Bien entendu, pour calculer cette équivalence, il faut poser une série d'hypothèses raisonnables.

Nathalie Bachand les résume: «Nous devons tenir compte de l'âge de Christian (49 ans), du moment où il aurait normalement retiré les sommes du CRI/FRV, du taux d'impôt qu'il aurait assumé sur les placements non enregistrés, du taux d'impôt qui s'appliquera aux retraits, et enfin du taux de rendement qu'il aurait obtenu sur les investissements.»

Elle suppose un rendement sur les investissements de 3,5 %. Selon les Normes d'hypothèses de projection 2013 de l'Institut québécois de la planification financière, ce taux correspond au rendement d'un portefeuille équilibré après frais de gestion moyens.

«En considérant les revenus actuels de Christian, nous avons utilisé un taux marginal d'impôt sur le rendement des placements hors REER de 38,4 % pour la période avant la retraite», indique Nathalie Bachand.

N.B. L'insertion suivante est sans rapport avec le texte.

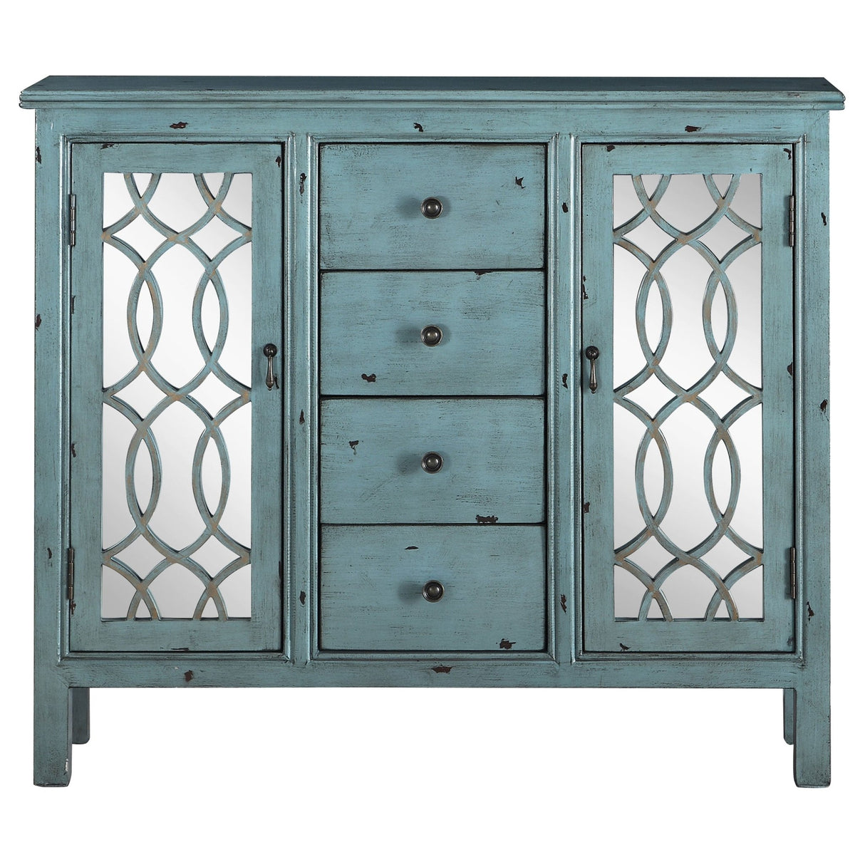 Home Elegance Furniture presenta con orgullo el gabinete decorativo de 4 cajones Rue en azul antiguo | Coaster , una incorporación refinada diseñada para realzar su hogar con un estilo atemporal.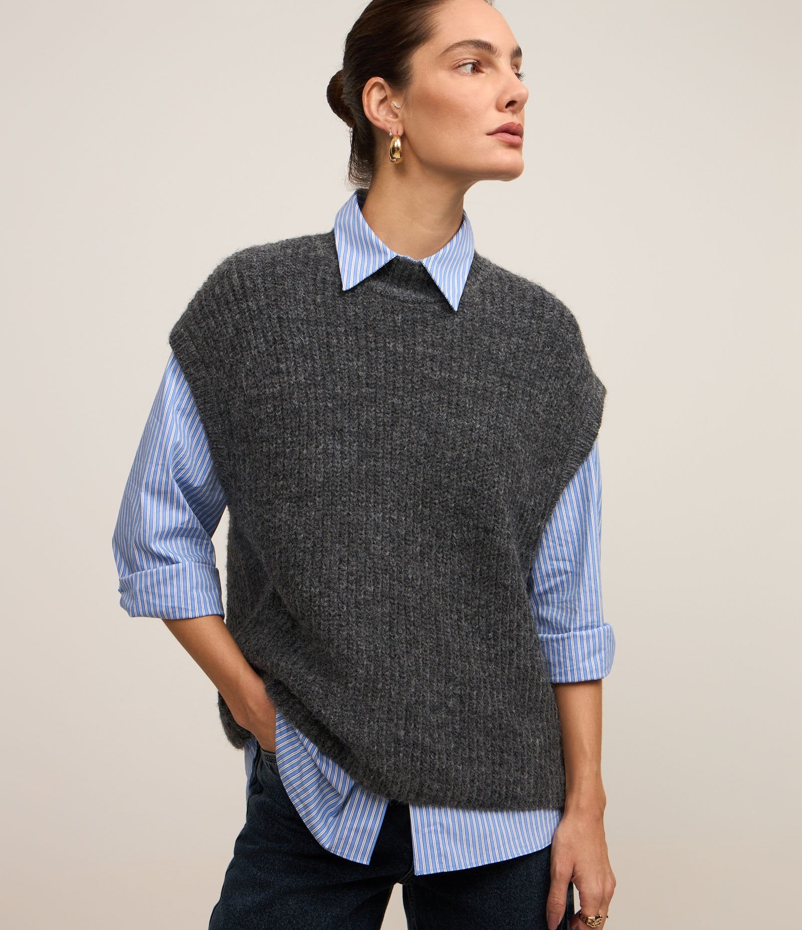 Colete de Tricô Texturizado com Drapeado Cinza Claro

Pour les retraits des régimes enregistrés durant la retraite, les deux planificatrices retiennent un taux marginal d'impôt de 28,5 %.

Elles supposent que les retraits, correspondant au maximum permis pour un FRV, débuteront à 65 ans.

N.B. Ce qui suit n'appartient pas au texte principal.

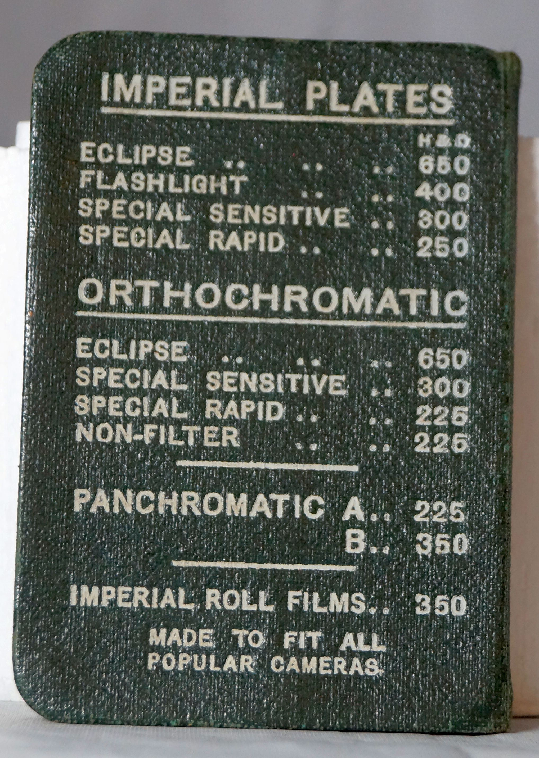 Hallo, ja, damals brauchte man als Knipser noch mehr als einfach nur nen Finger zum Auslösen :-), aber so lange waren die Belichtungszeiten gar nicht, ich hab mir das ganze nochmal zu Gemüte geführt, die Platten stehen nicht ohne Grund auf der Rückseite, die H&D Zahl dahinter wurde mit dem verschiebbaren streifen unter die gebrauchte Zeit geschoben, dann hatte man unten die Belichtungszeit. Also mal grob gerechnet, eine normale Platte mit 80-100 H&D Zeit hätte dann wenn das verfärben des Streifens 1 Sekunde gedauert hat bei Blende 8 eine Belichtungszeit von 1/5 Sekunden bei schwachem Licht. Und hier ist auch der Unterschied zwischen den Büchlein, während bei "dull light" die Belichtungszeit bei 1/25 anfängt beginnt sie bei bright light bei 1/500 Sekunden, wenn man sich die Rückseite anschaut erkennt man das sich die Filme ändern, und bei der einen sogar schon Rollfilm dabei ist, daher gehe ich davon aus das beide Büchlein zu verschiedenen Zeiten herausgegeben wurden, das dunkle wohl früher. So hatte, beim schon genannten Beispiel, ein Rollfilm mit einer H&D Zahl von 350 bei Blende 8 eine Belichtungszeit von 1/250, es war daher wohl extrem wichtig das richtige Büchlein zu haben, denn auch die H&D Zeiten der bei beiden vorkommenden Platten ändern sich. Also kann man an den Büchlein einen Verbesserung der Empfindlichkeit der Platten erkennen ( höhere H&D Zeit = empfindlicher)

Quelle somme non enregistrée permettrait à Christian de tirer les mêmes revenus de retraite qu'un compte de retraite immobilisé de 72 500 $? Réponse: «Selon nos évaluations, le montant non enregistré équivalant à la somme enregistrée de 72 500 $ est de 70 250 $, ce qui correspond à une proportion de 97 %.»

Plus le calcul s'effectue près de la retraite, plus l'écart entre la somme enregistrée et son équivalent non enregistré est grand. En effet, le rendement, non imposé dans le premier cas et imposé dans le second, a moins le temps de faire sentir son effet en faveur des comptes enregistrés.